2. The speaker learning method according to claim 1, wherein
The means to judge whether the easiness of recognition depends on the utterance content calculates the recognition score for the minimum learning utterance that can be judged to be dependent, and determines whether it depends from the height of the score. A speaker learning method characterized by that.

3. The speaker learning method according to claim 1, wherein
As a result of judging whether the recognizability depends on the utterance content, if it is judged to be dependent, speaker registration learning is performed, and if it is judged not to be dependent, speaker adaptation learning is performed. Speaker learning method.

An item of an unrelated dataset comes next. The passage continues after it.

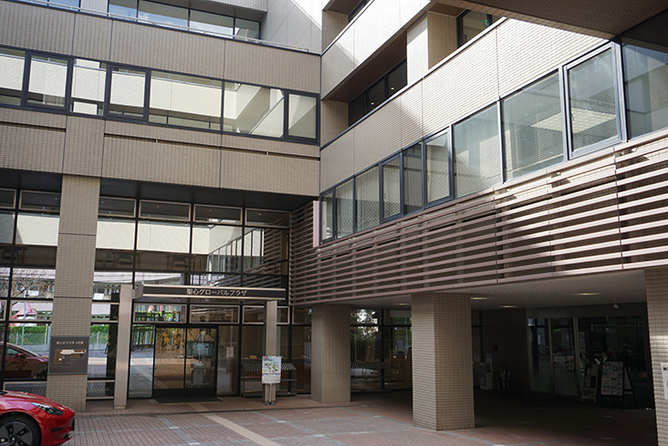(聖心女子大学4号館の入り口にある田窪恭治さんの作品「黄金の林檎」の前で撮影したFSCチーム参加者の皆さん)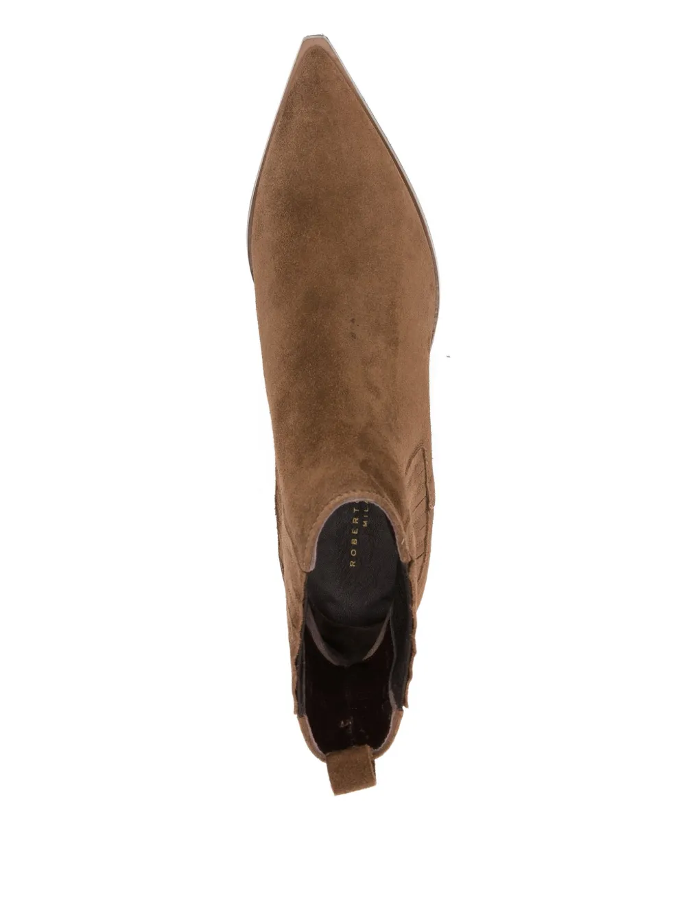 Коньячного цвета ботильоны с язычком-петлей, заостренным носком, на устойчивом каблуке, с панельным дизайном, длиной до щиколотки

4. The recognition score in the speaker learning method according to claim 2, is calculated by using the accuracy of the recognition result, the distance value to the standard voice, or the reliability of the distance value on the left, respectively, alone or in combination. Speaker learning method characterized by.

5. The recognition score in the speaker learning method according to claim 2, is calculated by using the accuracy of the recognition result, the distance value from the standard voice, or the reliability of the distance value on the left, respectively, alone or in combination. Speaker learning method characterized by.